Editor’s Note: This post is brought to you by Camille Wilson, a patent attorney in Jacksonville, Florida, with extensive experience researching e-cigarettes. Enjoy!
Last January, in 2015, I[1] wrote about the patent evolution of e-cigarettes up until that point. I also made some general predictions about the e-cigarette industry, mostly favoring Big Tobacco. Only a short twenty months later, the entire landscape is about to change…and it will most likely favor Big Tobacco, in one way or another.
But why the shift?
In May 2016, the FDA finalized a rule (a very dense 134 page rule, to be exact) extending their regulatory power established by the Tobacco Control Act in 2007 to cover all tobacco products, which now includes e-cigarettes.
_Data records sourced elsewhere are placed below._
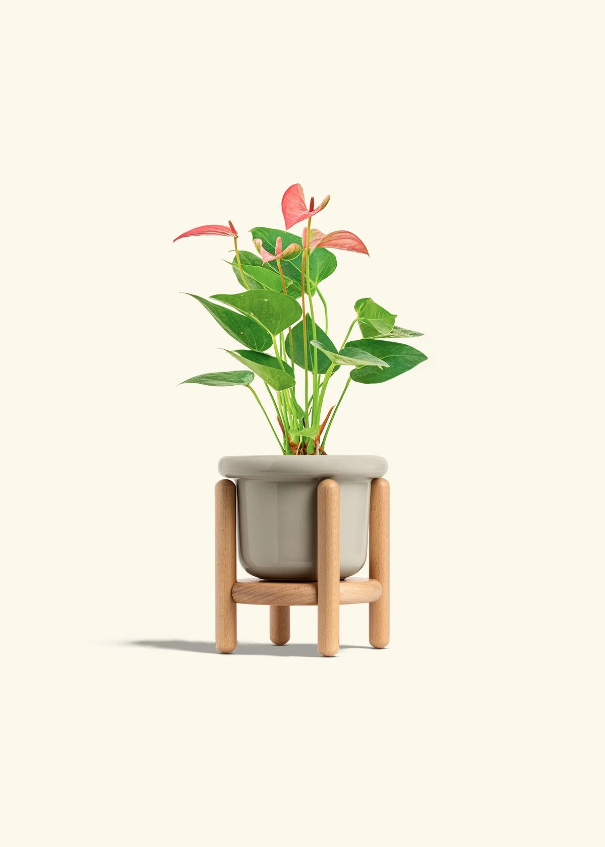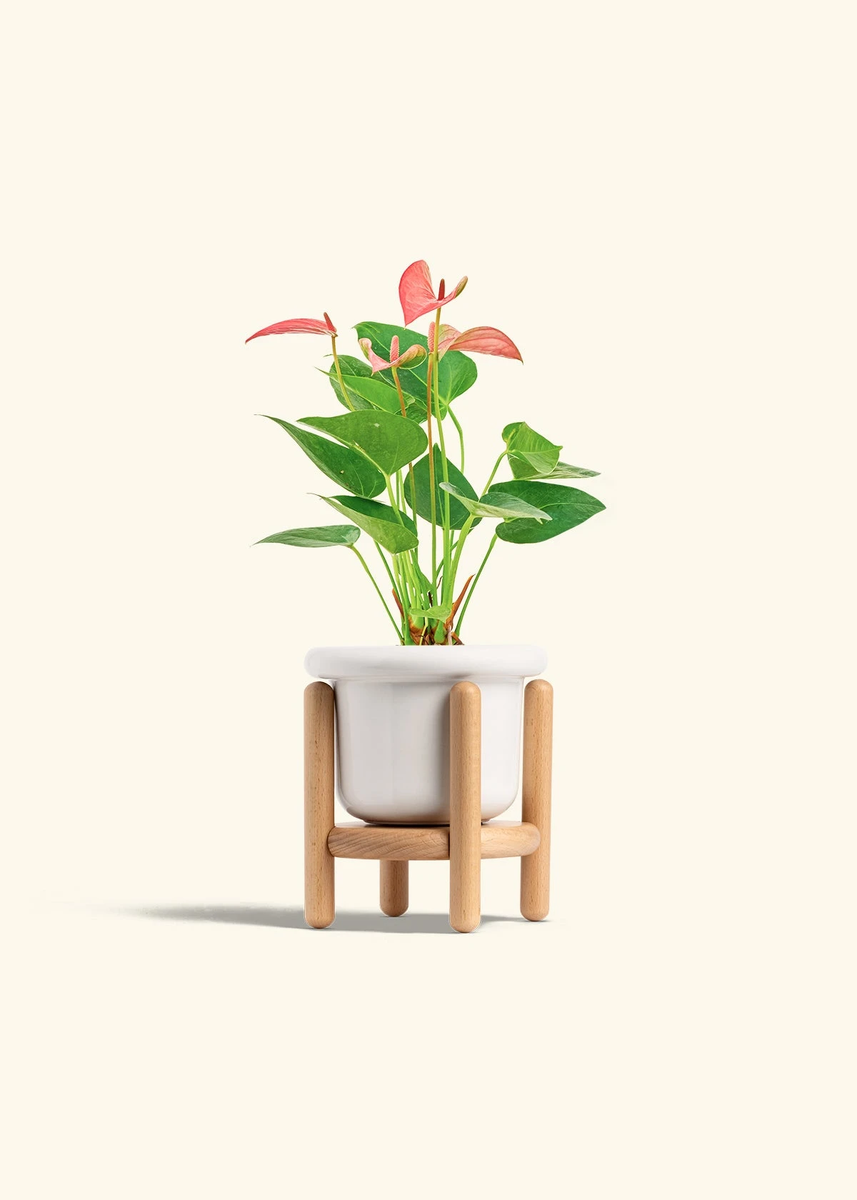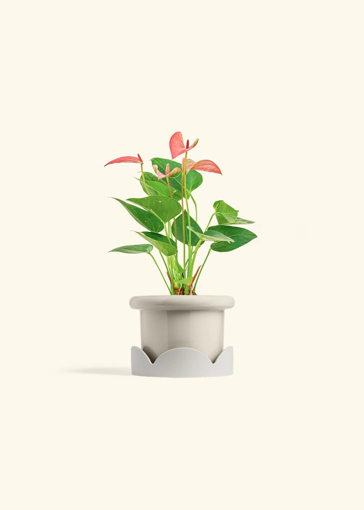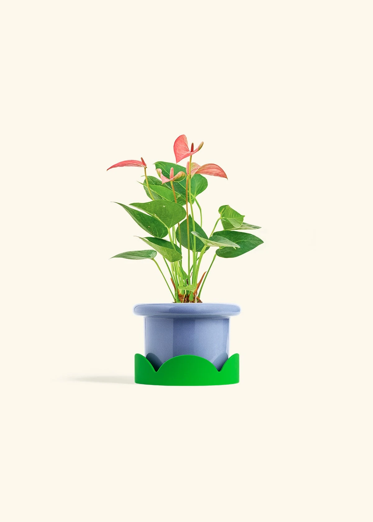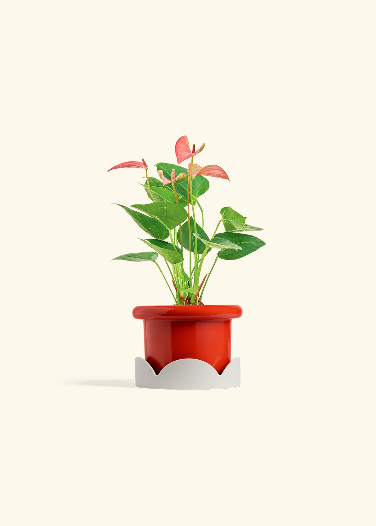 This anthurium has beautiful, pink, heart-shaped “flowers” which are actually morphed leaves called spathes. Anthurium spathes are brightly colored to attract pollinators to the spadix (the flower spikes in the middle). It’s fairly low-maintenance, and blooms can last for 2-3 months in the right conditions.
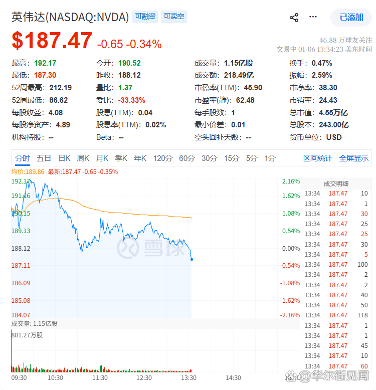 英伟达跌0.34%,刷新日低至187.30美元,该公司CEO黄仁勋正在讲话。
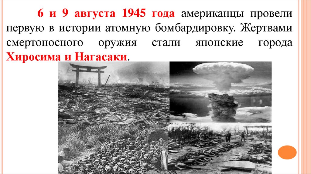 6 и 9 августа 1945 года американцы провелипервую в истории атомную бомбардировку. Жертвами

That rule officially went into effect on August 8, 2016, starting the clock for the entire industry to disprove that their products are “not appropriate for the protection of public health.” (“Deeming Tobacco Products To Be Subject to the Federal Food, Drug, and Cosmetic Act”, as Amended by the Family Smoking Prevention and Tobacco Control Act; Restrictions on the Sale and Distribution of Tobacco Products and Required Warning Statements for Tobacco Products, 81 Fed. Reg. 28975, May 10, 2016) (Amending 21 C.F.R. §§ 1100, 1140, and 1143). I use the term “disprove” because the entire rule seems to presume that all e-cigarette products do not protect public health; so, the onus is placed on the manufacturers to prove otherwise.